--- Material for this task ---

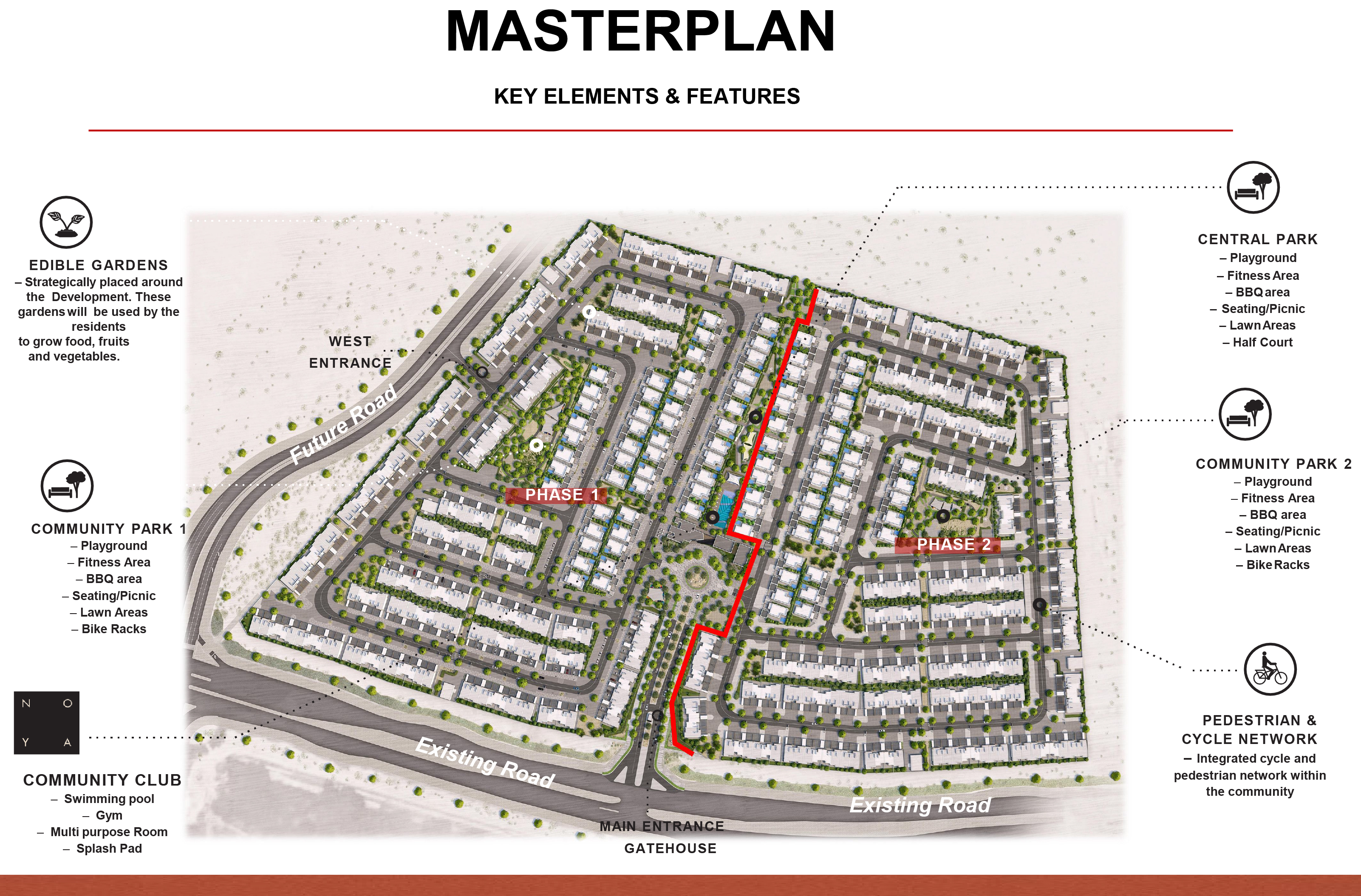 • Residents can enjoy high-end communal amenities including: Swimming pools (adult & kids splash pad), gymnasium, Playgrounds, BBQ areas, picnic lawns, Community clubhouse & multipurpose hall, Pedestrian and bike trails, Edible/community gardens, mosque, tennis, basketball courts
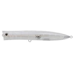 The Maria Duckdive is a slim long casting lure designed with a smaller cup, giving a more subtle action for those more tentative fish not after the heavy displacement that poppers with a larger cups provide. The action is a shallow dive just bellow the surface with nice frothy bubble trail that follows. It has a sliding bearing system that pushes weight to the tail when casting provide exceptional distance.
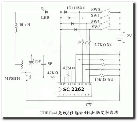 2262每次发射时至少发射4组字码,2272只有在连续两次检测到相同的地址码加数据码才会把数据码中的“1”驱动相应的数据输出端为高电平和驱动VT端同步为高电平。
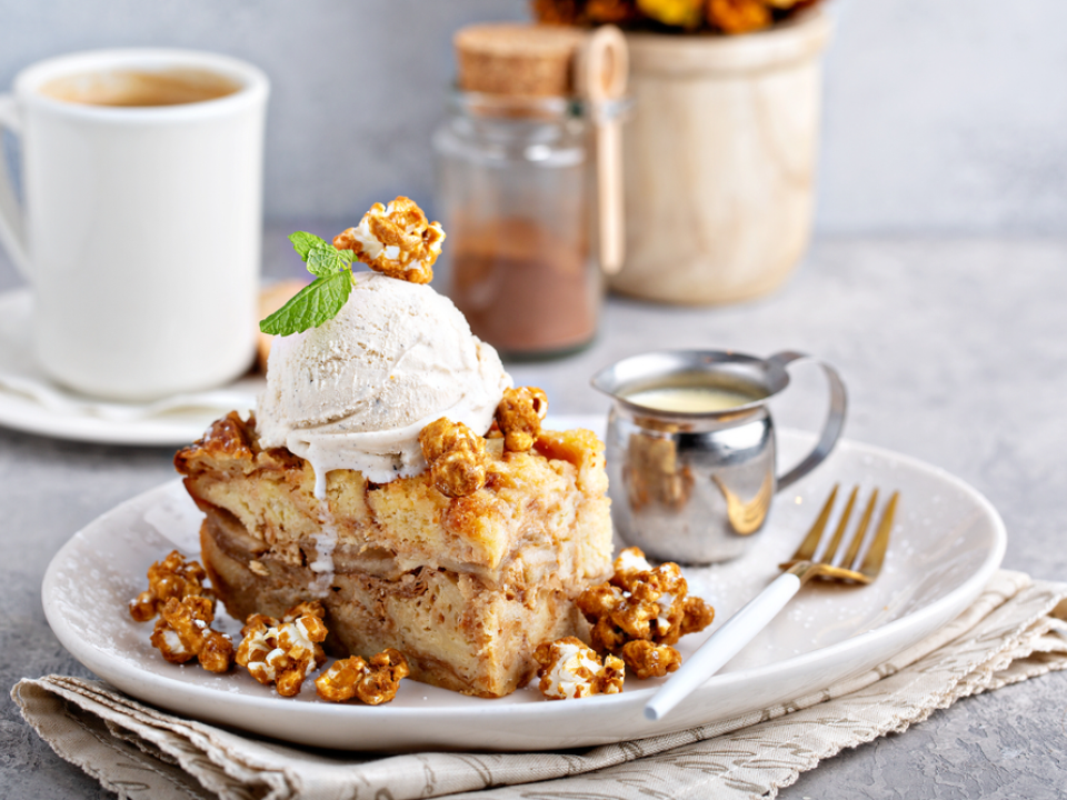 For the pudding, mix 3 cups cubed bread, 2 cups milk, 2 eggs, quarter cup sugar, and 1 teaspoon vanilla. Bake at 350°F for 30 minutes until set. For the latte, combine half cup strong coffee, 1 cup steamed milk, and 2 tablespoons caramel sauce. Stir well and serve hot.
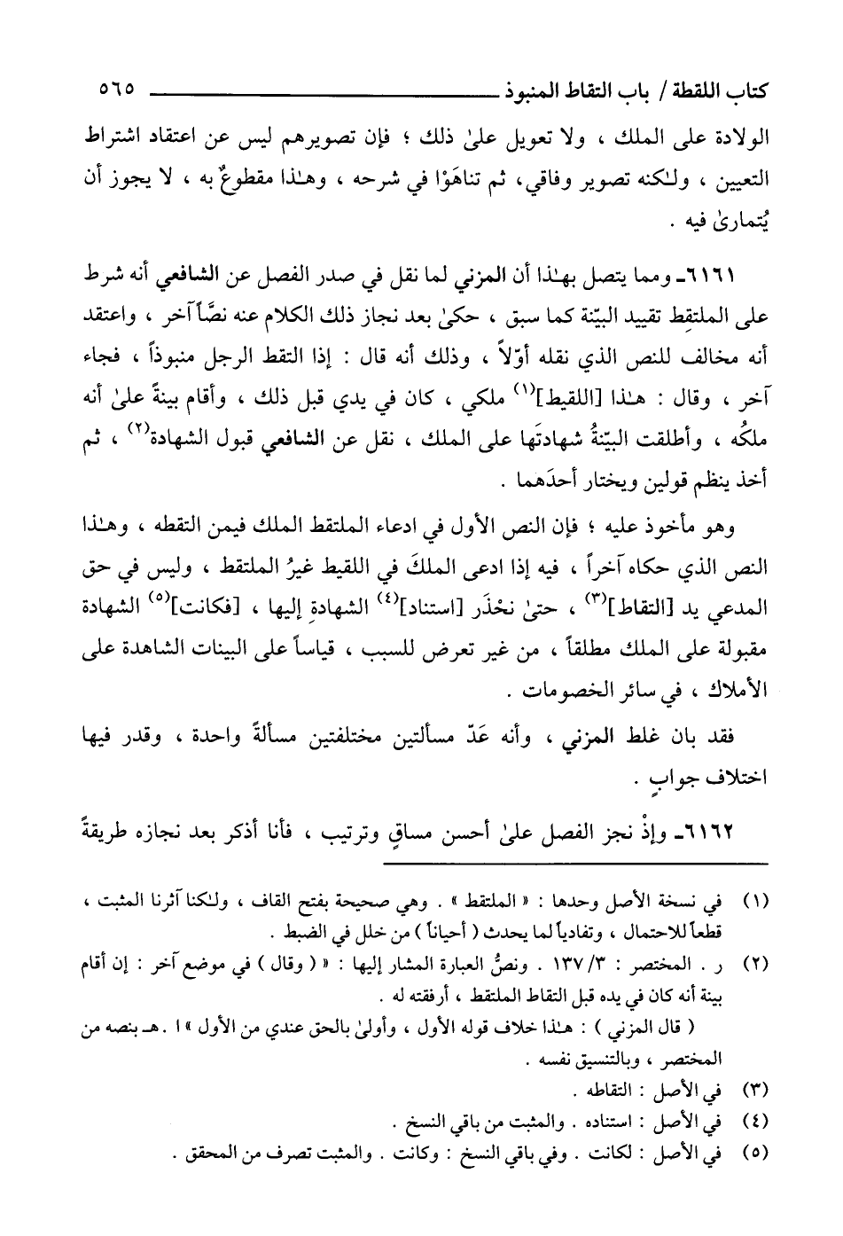 6161 - ومما يتصل بهذا أن المزني لما نقل في صدر الفصل عن الشافعي أنه شرط على الملتقِط تقييد البيّنة كما سبق، حكى بعد نجاز ذلك الكلام عنه نصَّاً آخر، واعتقد أنه مخالف للنص الذي نقله أوّلاً، وذلك أنه قال: إذا التقط الرجل منبوذاً، فجاء آخر، وقال: هذا [اللقيط] (1) ملكي، كان في يدي قبل ذلك، وأقام بينةً على أنه ملكُه، وأطلقت البيّنةُ شهادتَها على الملك، نقل عن الشافعي قبول الشهادة (2)، ثم أخذ ينظم قولين ويختار أحدَهما.
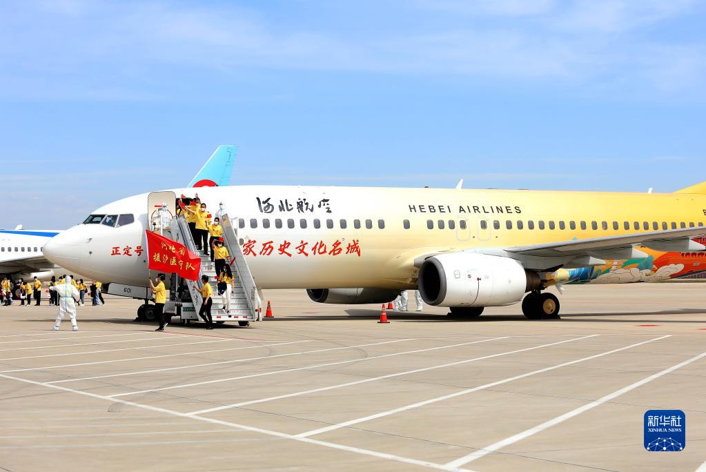 5月14日,在石家庄正定国际机场停机坪,河北省援沪医疗队队员走下飞机。
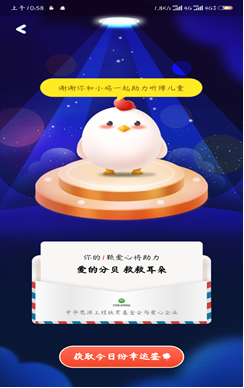 文化产业管理1901团支部的张晨阳活动期间在支付宝蚂蚁庄园捐蛋做公益活动,为听障儿童送上了一颗鸡蛋。
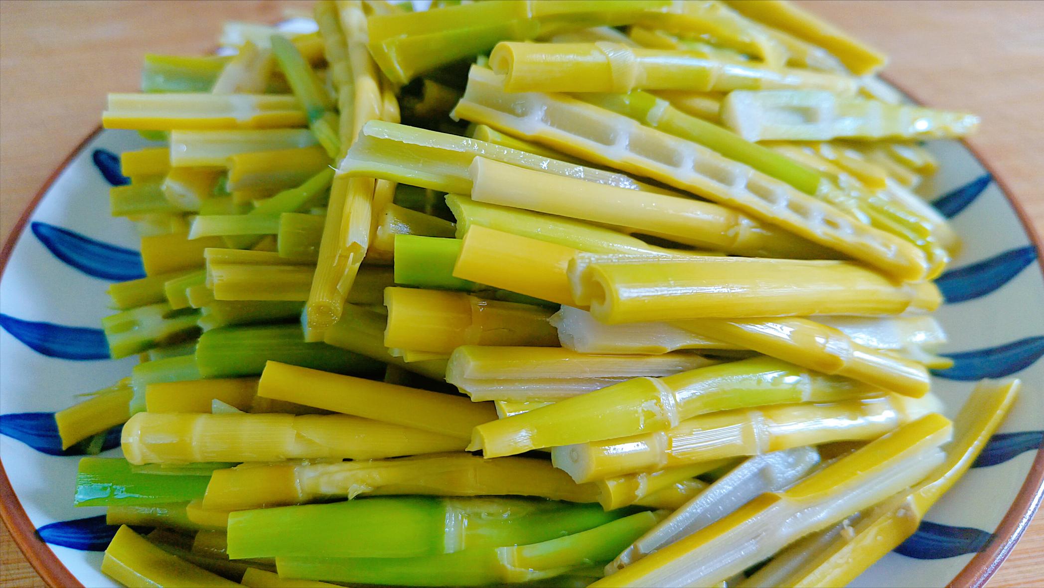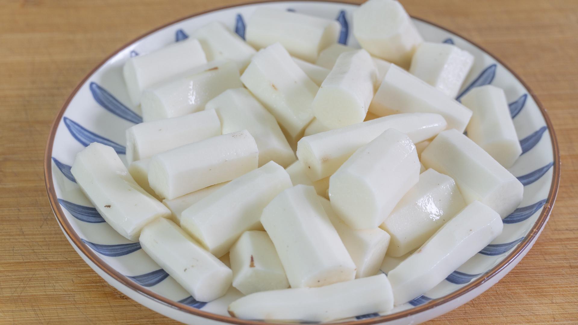 2、煮好後撈出來用涼水泡一泡降溫,再切成小長條,然後就可以放一盤備用了。

---

= Task instructions =
Nothing but the lines from the line containing "文化产业管理1901团支部的" through the end of the records belongs in the answer, written out exactly, both ends included, without pictures.

= Answer box =
 文化产业管理1901团支部的张晨阳活动期间在支付宝蚂蚁庄园捐蛋做公益活动,为听障儿童送上了一颗鸡蛋。
 2、煮好後撈出來用涼水泡一泡降溫,再切成小長條,然後就可以放一盤備用了。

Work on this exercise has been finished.